In the sweltering summers, we would pump our pedals along the sunbaked pavement until sweat beaded upon the hem of our t-shirts. And when winter’s frigid embrace enveloped the neighborhood, we would choreograph complex routines with rubber footballs, the snow clinging to our shoulders and knees. We were constantly on the run. Even with no place to go, even with no goal in mind, we discovered joy in the simple pleasures of the mundane, our skin soaking the sights, sounds, and scents of our metropolis until the flickering streetlamps announced the call of dinnertime.
One Christmas, around the age of ten or eleven, I tested the boundaries of our block with a coveted gift—a plastic remote-controlled car. After hastily discarding the torn gift-wrapping paper that had adorned the large box, I immediately threw on my heavy winter coat and raced out into the snow-covered alley to play with my new toy. The bright red machine whirred to life, but the battery sputtered out after a mere ten minutes, and I quickly learned that I would need to charge it before each session.
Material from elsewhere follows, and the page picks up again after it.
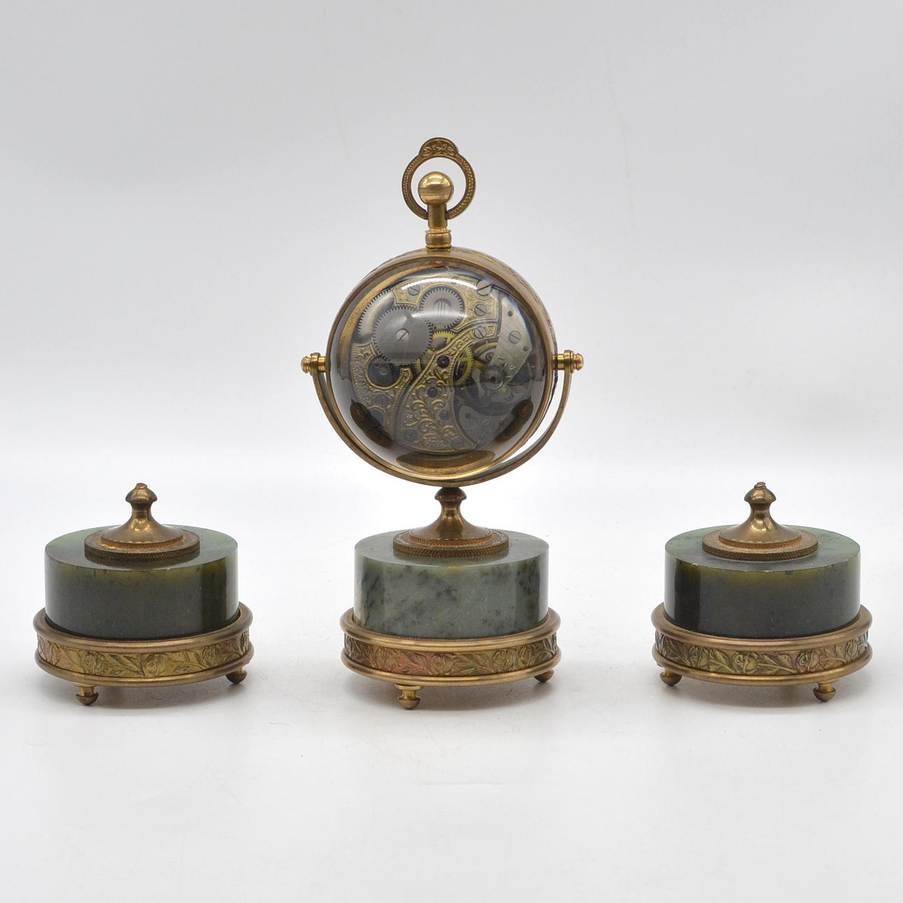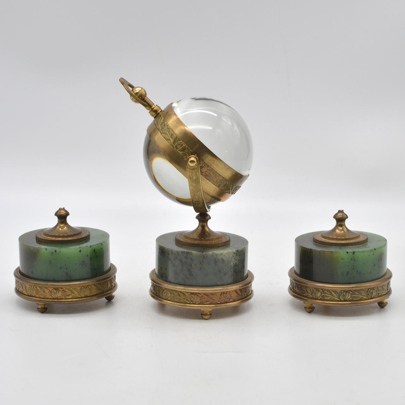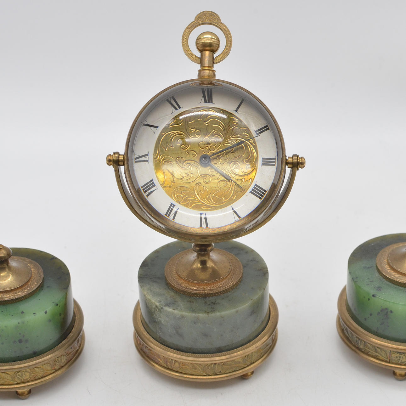 Three-piece table set with ball clock from the 20th century. All three parts consist of cylindrical nephrite on a brass base with surrounding rose decoration and chiselled ornamental decoration. The ball clock is made of glass with a brass mount. The gold-colored dial is engraved with floral decoration.

Yet, in those fleeting minutes, I experienced a sense of freedom that would take years for me to fully comprehend. Perhaps I had been inspired by Michael Knight-David Hasselhoff’s iconic character on the television series Knight Rider, who bravely fought crime with an artificially intelligent and heavily modified black Pontiac Firebird. After watching reruns of the popular 1980s show, I became obsessed with the idea of racing my own electric car around the block and down our back alley. It felt then like the essence of being American. To conquer the chaotic twists and turns of the urban terrain. To wield the raw, unbridled power of metal and technology at my whim. To experience the intoxicating thrill of propulsion, of moving faster than my youthful legs could take an ambitious Black boy in New York City before some well-meaning elder would caution me to slow down, or else.
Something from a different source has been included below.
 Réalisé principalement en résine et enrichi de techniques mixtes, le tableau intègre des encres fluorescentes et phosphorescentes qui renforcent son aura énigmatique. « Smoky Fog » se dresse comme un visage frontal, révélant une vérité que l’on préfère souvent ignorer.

Perhaps I had been mentored by O.J. “The Juice” Simpson, the Hall of Fame NFL running back widely regarded as one of the greatest football players of all time. In the summer of 1994, while watching the New York Knicks battle the Houston Rockets in the NBA finals, the television abruptly cut to an aerial view of a white Ford Bronco, with the Juice seated inside, speeding down a Southern California freeway. For two hours, that Bronco took me to a part of the United States I had never been, galloping defiantly down the Santa Ana Freeway, the Artesia Freeway, and the San Diego Freeway, weaving through dense traffic, all while being trailed by the police. In those surreal moments, the boundaries of my insular world in the Bronx evaporated, and Simpson’s brazen defiance signaled the possibility of escape.
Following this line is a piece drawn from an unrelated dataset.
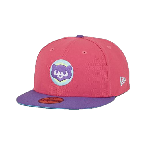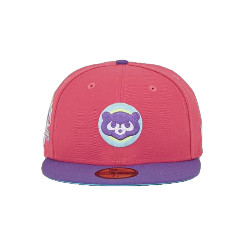 This New Era Chicago Cubs fitted hat was released by Eblens. The 59FIFTY fitted features a beetroot six panel structured high crown and embroidered eyelets with a grape purple fabric sqautchee button and flat bill. The fitted has a blue undervisor and a 1990 All-Star Game side patch embroidery.

Months later, the world would become enraptured by the trial of O.J. Simpson for the murders of his ex-wife, Nicole Brown Simpson, and her friend, Ronald Goldman. Although I did not grasp the details of the case at the time, I sensed its importance because so many adults, including my parents, kept discussing it. As Ta-Nehisi Coates recounts in his observations of Washington, D.C. during those fateful months, “[B]lack people broadcast[ed] their support as though he were one of them. Vendors hawked RUN O.J. and FREE O.J. SIMPSON T-shirts. Community activists ... offered fervent defenses of him.” Simpson was everywhere, his face plastered across newspapers and magazines in corner store bodegas.
The racial undertones were impossible to ignore—Simpson was a Black man and his ex-wife, Nicole, was White. News articles and documentaries dissecting the saga dubbed it “an American tragedy,” their narratives often condemning the systemic racism embedded in the criminal justice system. Even Simpson’s defense attorneys claimed that he had been targeted because of his race, a ploy to humble a wealthy Black man who had ascended to national fame. Yet, when the verdict rendered Simpson a free man, waves of celebration erupted from Black communities across New York City and the nation at large. In that polarizing moment, what seemed to matter most was that his most intimate encounter with the law had culminated not in subjugation but liberation, transforming Simpson’s personal victory, his enduring celebrity status, and perhaps even his existence as a Black man who had defied the odds into a story of heroism.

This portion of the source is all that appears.